Under the Button is part of a student-run nonprofit.

Please support us by disabling your ad blocker on our site.

Sad: On Campus Rats Shocked to Learn OCR Isn’t About Them


Photo by Haerpeck Reckpeauck // CC BY-NC-ND 2.0

In the past few weeks, Penn’s rat community has been flourishing. They were singlehandedly responsible for a brief closure of the Fresh Grocer, caused many a scare in various sorority dwellings, and have a whole new group of fresh meat to harass throughout the quad. Despite a few battles lost to booby traps, the fall of 2019 has been an epoch of tremendous rat success. 

However, tragic news recently plagued the greater West Philadelphia rat community. After years of thinking that the University's infamous On Campus Recruiting program — dubbed OCR – was a celebratory rat-pride week called "On Campus Rats," they recently learned the truth. 
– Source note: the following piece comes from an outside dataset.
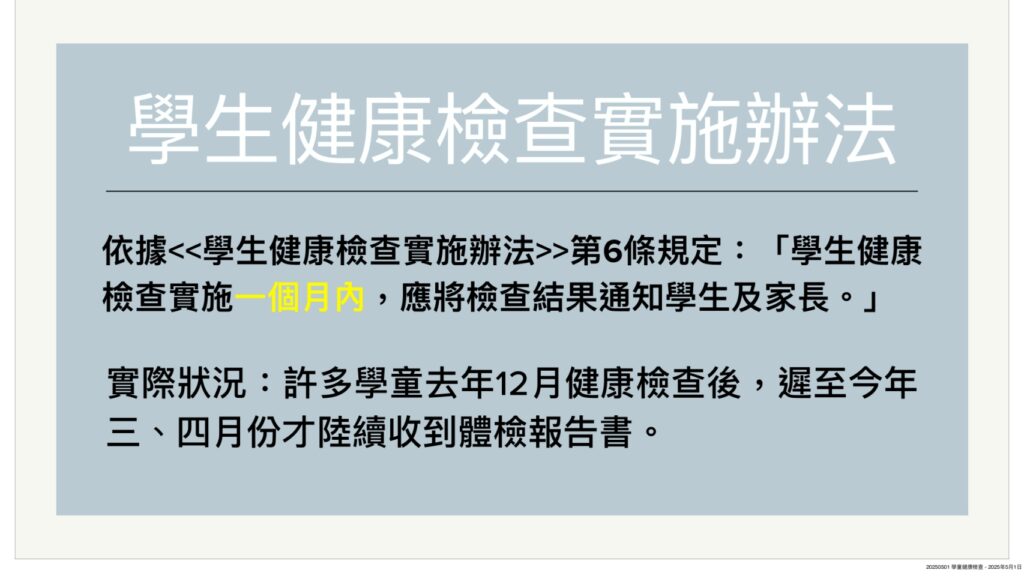 另,依據<<學生健康檢查實施辦法>>第6條規定:「學生健康檢查實施一個月內,應將檢查結果通知學生及家長。」惟有家長反應,許多學童去年12月完成健檢後,遲至今年三、四月份才陸續收到體檢報告書,憂心如有學童健檢異常將喪失治療先機。

UTB staff sat down with a Rodin college house rodent after he reluctantly accepted our requests for an interview. Upon asking for his thoughts on the matter, he hastily replied, “What the fuck bro? You’re seriously telling me, that this whole time, OCR has actually stood for On Campus Recruiting, and it WASN’T a week dedicated to honoring and celebrating rats on campus? And you want to know how we feel about it? We are pretty pissed! This is the one thing we had and you guys are taking it away from us.” 

“That means that all those cheese plates were for those fancy people in suits and not for us to munch on,” he said. “This is just too fucked up for me to wrap my head around right now.”